ネットワンシステムズは8月3日、AIと監視カメラを組み合わせてクマの出没をリアルタイムで自動検知し、迅速に通知する「AIクマ検知・通知ソリューション」の提供を開始した。近年の深刻なクマ被害急増に伴い、住民や児童・生徒の安全確保と見守り負担の低減が課題となる中、自治体や小中高校・大学等の教育機関、インフラ管理企業などを主な対象に販売する。
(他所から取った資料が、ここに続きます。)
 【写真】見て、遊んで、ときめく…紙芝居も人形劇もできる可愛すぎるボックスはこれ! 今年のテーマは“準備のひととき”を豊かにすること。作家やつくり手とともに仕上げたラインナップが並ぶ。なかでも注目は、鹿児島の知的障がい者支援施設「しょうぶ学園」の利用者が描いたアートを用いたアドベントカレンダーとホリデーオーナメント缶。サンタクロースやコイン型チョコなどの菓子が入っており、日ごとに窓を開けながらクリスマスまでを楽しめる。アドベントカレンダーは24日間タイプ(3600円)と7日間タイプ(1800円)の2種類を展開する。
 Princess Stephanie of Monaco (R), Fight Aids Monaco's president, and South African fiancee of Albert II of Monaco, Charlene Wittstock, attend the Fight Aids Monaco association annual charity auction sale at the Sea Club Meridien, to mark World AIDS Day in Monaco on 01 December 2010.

本ソリューションは、ネットワーク接続された複数台の監視カメラと映像管理システムを連携させ、広範囲の領域を一元管理する。クマの姿や動きを学習させた特化型AIを採用したことで、監視カメラから遠距離にいる個体であっても即時に検知できる点が特徴だ。既存の監視カメラシステムを導入済みの施設であれば、「クマ検知特化AI」を追加するだけで低コストでの導入に対応する。また、クマだけでなくイノシシやシカといった他の害獣検知にも応用が可能となっている。
クマの出没を検知した際は、回転灯や警告音、メール、SNSといった多角的な手法と自動で連携し、管理者や地域住民、施設利用者へ素早く情報を周知する。小学校や中学校、高校などの教育機関では、校庭全体にカメラを配置することで出没時に職員室へ警告音で報知するとともに、保護者へ自動でメール通知を送る運用が可能だ。同社はネットワークや物理セキュリティの構築実績を活かし、設計から保守・運用まで一貫して支援していく方針だ。